Sabato, 1° Agosto 2015

PECHINO-WOG

Sarà Pechino la prima città ad ospitare sia i Giochi Estivi (2008) che quelli Invernali (2022). Questo è il responso della votazione dei membri del CIO tenuta ieri a Kuala Lampur. In una sfida tutta asiatica, Pechino è stata preferita ad Almaty (la vecchia Alma Ata), capitale del Kazakistan, per 44 a 40. Non una vittoria netta e, se vogliamo, un po' a sorpresa. Almeno da un punto di vista logistico, dal momento che gli impianti proposti da Pechino (in gran parte da costruire) sono oltre la Grande Muraglia, a non meno di 150 chilometri dalla città madre. Mentre Almaty poteva vantare almeno il 70% degli impianti circoscritti in una trentina di chilometri.

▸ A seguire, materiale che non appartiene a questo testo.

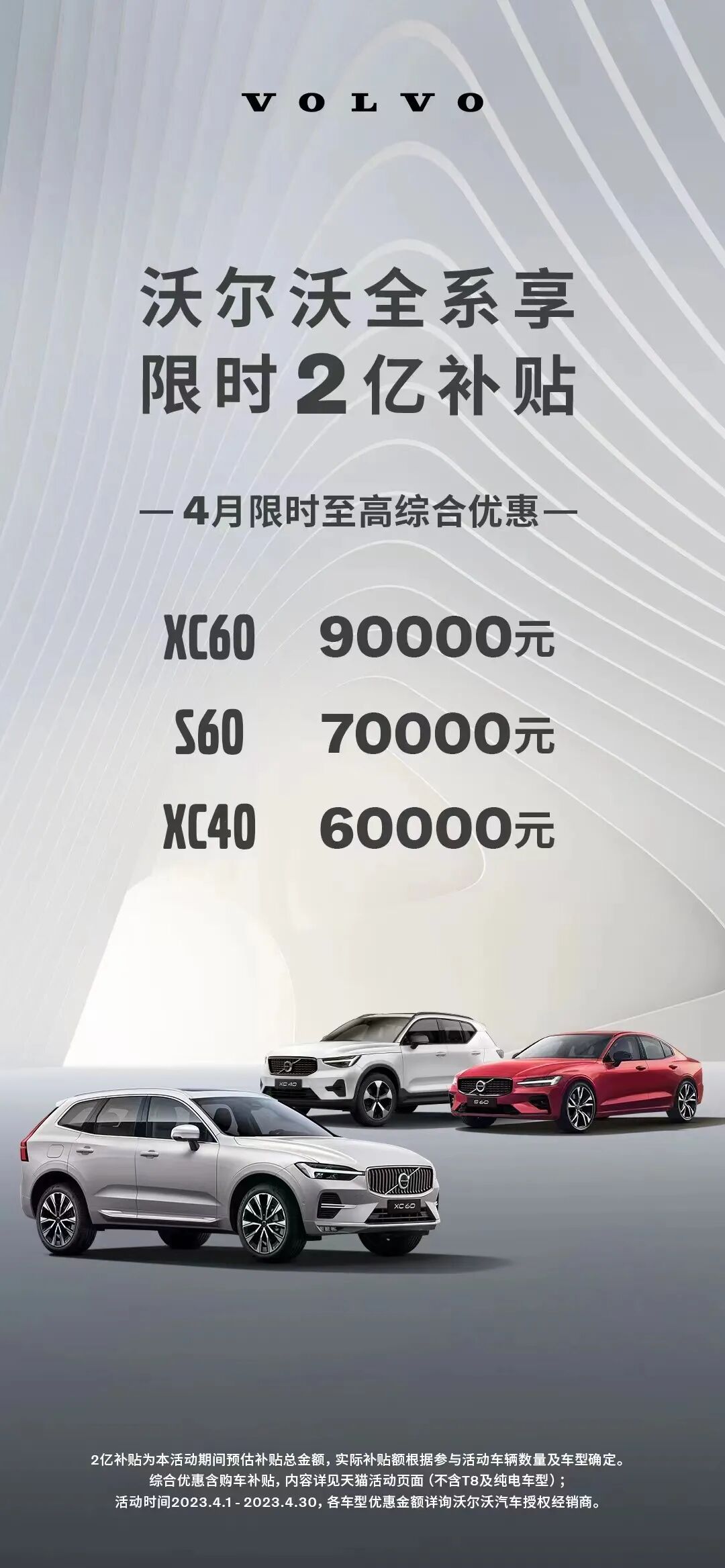 沃尔沃全系享2亿补贴,4月限时至高综合优惠XC40 60000元 S60 70000元 XC60 90000元

Ma ormai - e questo il CIO lo sa bene - non sono argomenti decisivi nella scelta delle città olimpiche. Il gioco è molto più indirizzato verso le componenti economiche, e la Cina - da questo punto di vista - può gettare sul piatto numeri (al momento) più solidi e la promessa di un "mercato" degli sport invernale di non meno di 300/400 milioni praticanti. Meno interessante, per le grandi multinazionali, era la proposta kazaka, anche se il paese, con i suoi quasi tre milioni di chilometri quadrati, è in grande espansione grazie alle enormi risorse petrolifere e si propone l'ingresso, entro il 2020, tra le prime 20/25 economie mondiali.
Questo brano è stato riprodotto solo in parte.